By Brendan O’Brien
(Reuters) – Alabama executed a man early on Friday for beating an elderly woman to death two decades ago, the state’s first execution since Governor Kay Ivey lifted a suspension on capital punishment in February following a review.
James Barber, 64, was put to death by lethal injection at 1:56 a.m. U.S. central time (0656 GMT) at the William Holman Correctional Facility in Atmore, Alabama, the governor’s office said in an emailed statement.
Barber was convicted and sentenced to death for killing 75-year-old Dorothy Epps during a robbery in her home in Harvest, Alabama on the night of May 20, 2001.
The execution went ahead after the U.S. Supreme Court declined to intervene at the last moment.
Ivey suspended capital punishment in November and ordered the review of the lethal injection process in her state after a string of botched executions last year. In the third failed execution, officials were unable to set the intravenous line in the condemned prisoner before the death warrant expired.
The Republican governor lifted the suspension after the Department of Corrections added medical professionals, obtained new equipment and conducted rehearsals for executions. The state also expanded the time allowed for an execution to be carried out before the expiration of the warrant.

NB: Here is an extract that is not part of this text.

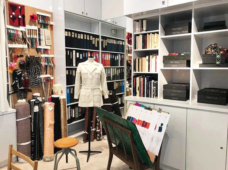 На втором этаже, минуя секцию «Посвящение моде», где представлены опыты кутюрье с историческими костюмами, вы попадете в самую захватывающую часть экспозиции — кабинет самого Сен-Лорана. Он, естественно, остался практически в первозданном виде, сохранив ту атмосферу, что требовалась Сен-Лорану для творчества: большое пространство, яркий свет и зеркала от потолка до пола. Любая вещь сначала отшивалась в белом хлопке, чтобы дизайнер мог понимать, как она будет смотреться на теле. Такой макет назывался toile, и их Сен-Лоран разглядывал в эти самые зеркала, заставляя модель ходить взад и вперед по его кабинету.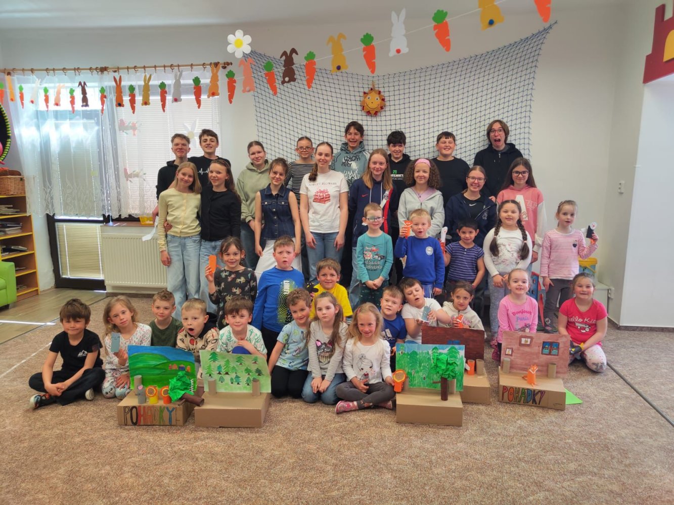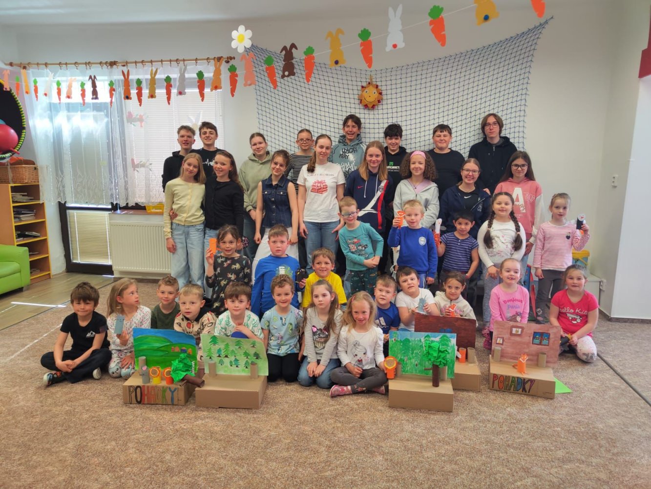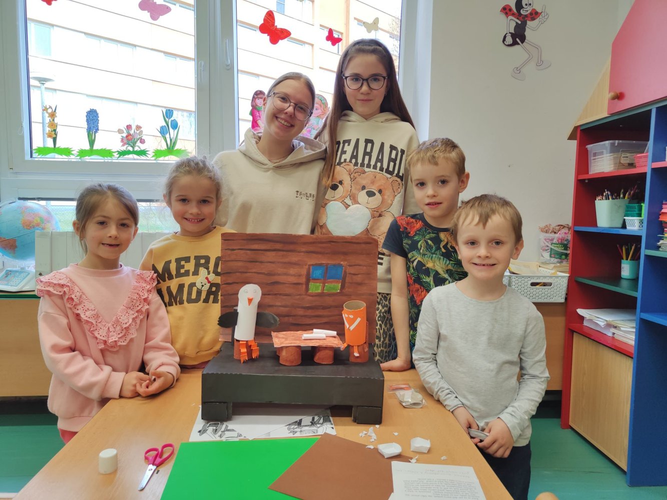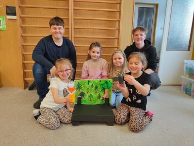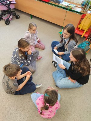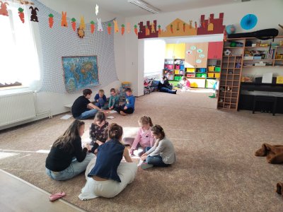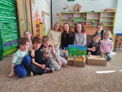 V pondělí 30.3. jsme šli číst předškolákům bajky do MŠ Šumavská. Děti nás krásně přivítaly a dokonce nám připravily i malé občerstvení. Rozdělili jsme se do skupin, v nichž jsme dětem četli připravené bajky, které jsme následně pomocí vyrobených postaviček společně dramatizovali.

Barber argued to the United States Court of Appeals that his execution should be halted because he is at substantial risk of serious harm and “torture” under current protocols. The court denied that appeal on Wednesday.
Legal and ethical questions have swirled around capital punishment in the United States after several lethal injections have been botched in recent years. State governments and the federal government have also struggled to obtain the necessary drugs.
The number of executions in the United States has drastically fallen since 1999, when a record 98 executions were carried out. Capital punishment was reinstated in the United States in 1976.
Over the last five years, a total of 78 death row inmates have been executed, according to the Death Penalty Information Center.